That is, an anode electrode of the light emitting element LE may be electrically connected to the emission pixel driver EPD, and the second power ELVSS having a lower voltage level than a first power ELVDD may be applied to a cathode electrode of the light emitting element LE.

A capacitor Cel connected to the light emitting element LE, in parallel between the anode electrode and the cathode electrode, indicates parasitic capacitance between the anode electrode and the cathode electrode.

The circuit layer 120 may further include a first power line VDL transferring the first power ELVDD, a first initialization voltage line VIL transferring a first initialization voltage VINT, a second initialization voltage line VAIL transferring a second initialization voltage VAINT, and a bias voltage line VBL transferring a bias voltage VBS.

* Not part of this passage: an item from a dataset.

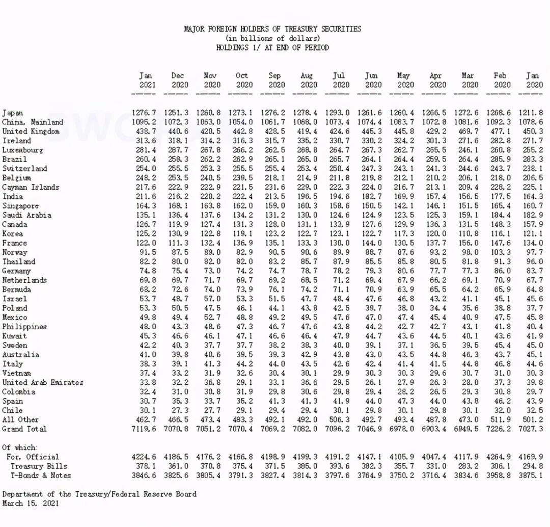 数据显示,自2018年以来,美债的全球主要央行持有者已累计减持至少2万亿美元的美债份额。并且连续多月呈现出净抛售状态。值得一提的是,美财政部TIC最新数据显示,截至今年1月,中国连续第三个月购买了美国国债,中国持有的美国国债规模在1月增加229亿美元,达到1.095万亿美元,创下2019年10月以来最高水平。1月份的229亿美元是自2017年8月以来最大的月度购买量。不过,需要注意的是,在截至2020年12月的27个月间,已累计共减持约1758亿美元的美债。

The circuit layer 120 may further include a data line DL transferring a data signal Vdata, a scan write line GWL transferring a scan write signal GW, a scan initialization line GIL transferring a scan initialization signal GI, an emission control line ECL transferring an emission control signal EC, a gate control line GCL transferring a gate control signal GC, and a bias control line GBL transferring a bias control signal GB.

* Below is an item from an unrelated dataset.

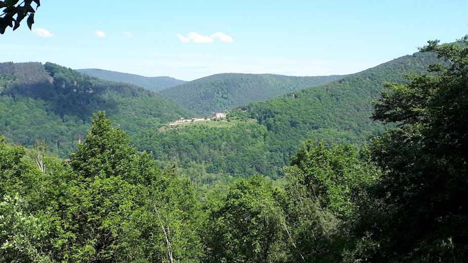 Auf schönen Pfaden wandern wir weiter zum Sühnekreuz und anschließend abwärts in Richtung Hambacher Schloss, das in jedem Fall einen Abstecher wert ist. Im Uhrzeigersinn umrunden wir den Sommerberg und gelangen schließlich zum Hohe‑Loog‑Haus (PWV), wo wir auf der Terrasse bei einer Brotzeit den herrlichen Ausblick über die südliche Pfalz hinweg bis zum Kraichgau und Schwarzwald genießen können.

One emission pixel driver EPD of the circuit layer 120 may include a first transistor T1 generating a driving current for driving the light emitting element LE, two or more transistors T2 to T8 electrically connected to the first transistor T1, and at least one capacitor PC1.

The first transistor T1 may generate the driving current for driving the light emitting element LE.

A first electrode (e.g., a source electrode) of the first transistor T1 may be electrically connected to the first power line VDL through a fifth transistor T5.

A second electrode (e.g., a drain electrode) of the first transistor T1 may be electrically connected to the anode electrode of the light emitting element LE through a sixth transistor T6.

The first electrode of the first transistor T1 may be electrically connected to a data line DL through a second transistor T2.

A gate electrode of the first transistor T1 may be electrically connected to the first power line VDL through a first capacitor PC1.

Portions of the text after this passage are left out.